They’re aiming to launch a lecture series this fall, inviting Ukrainian scholars and Russian scholars who have opposed the war to speak over Zoom in exchange for a small stipend.
Another goal is to help displaced Ukrainian and Russian academics find placement at universities, possibly at USC. They’ve been spreading the word about programs like Scholars at Risk, the Institute of International Education and the Scholar Rescue Fund.
Advocating strongly for peace, they argue for immediate de-escalation and peace talks rather than a long, drawn-out conflict. “We want the sovereignty of Ukraine respected and upheld, but our message is one of peace,” says Allgire.
Culture wars
They’re also grappling with the public’s reaction to Russia’s invasion, which has sometimes veered toward being discriminatory. A Montreal symphony canceled their engagement with the Russian pianist Alexander Malofee. The European Film Awards banned Russia from competition and encouraged a boycott of Russian films.
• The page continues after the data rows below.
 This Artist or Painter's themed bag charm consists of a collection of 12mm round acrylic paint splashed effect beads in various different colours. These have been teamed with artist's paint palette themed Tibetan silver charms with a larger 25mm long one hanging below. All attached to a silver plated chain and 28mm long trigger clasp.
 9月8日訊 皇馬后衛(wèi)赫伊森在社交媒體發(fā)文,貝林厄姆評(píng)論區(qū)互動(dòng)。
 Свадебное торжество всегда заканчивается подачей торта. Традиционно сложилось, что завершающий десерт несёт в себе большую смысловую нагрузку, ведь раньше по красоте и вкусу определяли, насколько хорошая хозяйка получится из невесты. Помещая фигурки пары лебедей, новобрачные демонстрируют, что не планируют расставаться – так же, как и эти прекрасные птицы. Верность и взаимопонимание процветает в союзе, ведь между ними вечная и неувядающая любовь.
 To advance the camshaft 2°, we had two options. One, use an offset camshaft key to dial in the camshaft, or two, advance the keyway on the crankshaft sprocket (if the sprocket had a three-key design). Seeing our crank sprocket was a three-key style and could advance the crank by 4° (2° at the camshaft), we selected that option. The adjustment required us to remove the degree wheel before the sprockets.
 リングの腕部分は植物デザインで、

These sorts of exclusions overlook the many Russians who are strongly opposed to the war, and who face imprisonment if they speak out. “We are against any type of discrimination against any type of culture’,” says Camisa Morale.
Exclusions also fail to separate Russia’s rich cultural history from Russian president Vladimir Putin’s current reign.
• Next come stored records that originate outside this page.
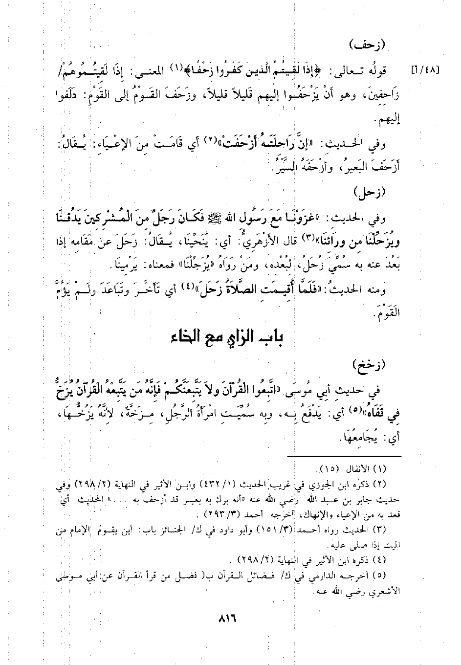 ومنه الحديث: (فلما أقيمت الصلاة زحل) أي تأخر وتباعد ولم يؤم القوم.
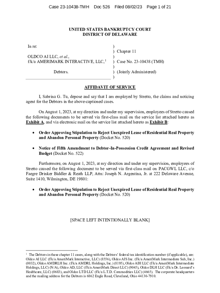 Get the free OLDCO AI LLC, et al., f/k/a AMERIMARK ... - Stretto
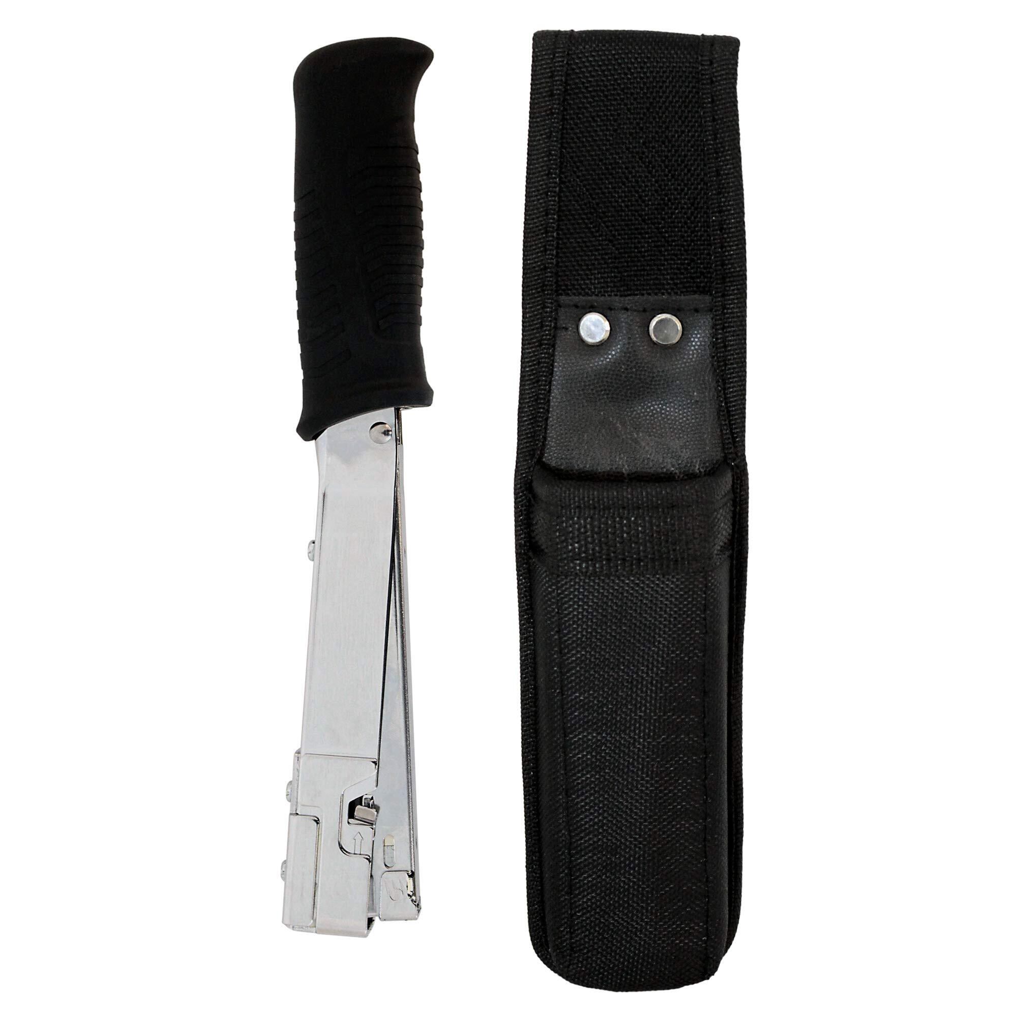 [特徴] ●普及率の高い肩幅12mmのステープルを採用しました。 ●専用サック付です。腰袋が干渉するような壁間の狭い現場での防水シート貼りなどで手返し良く作業出来ます。保管時の製品保護にも便利です。 [用途] ●薄物材料の木材への固定作業全般 ●作業例:外壁防水シート、屋根ルーフィング、断熱材、ラス網等の取付けに。 [適応ステープル] ●幅12mm×高さ6~10mm、充填本数144本 [仕様] ●サイズ:長さ275×幅34×高さ43mm、本体重量:約420g ●材質/本体:スチール、グリップ:TPR、サック:ナイロン

“It’s important to separate Russia itself from ‘Putin’s Russia,‘ which uses the culture to promote its own state power. Russian literature and art are bigger than state power,” says Giustiniano.
The conflict poses an opportunity to teach about the cultural overlap between Russia and Ukraine. Take the celebrated writer Nikolai Gogol, for instance. He’s renowned in Russia, earning a state-issued stamp, and was hugely influential to Russian writers like Fyodor Dostoevsky and Mikhail Bulgakov.
Yet, Gogol was actually born and raised in what is now Ukraine, which also claims Gogol as a native son. His Evenings on a Farm near Dikanka feature his impressions of peasant life and culture, based on his early life spent in the Ukrainian village of Velyki Sorochyntsi.
Teaching his writing can show how national identity often blurs in the region, and how deeply interconnected these countries are, which makes the fighting that much more devastating.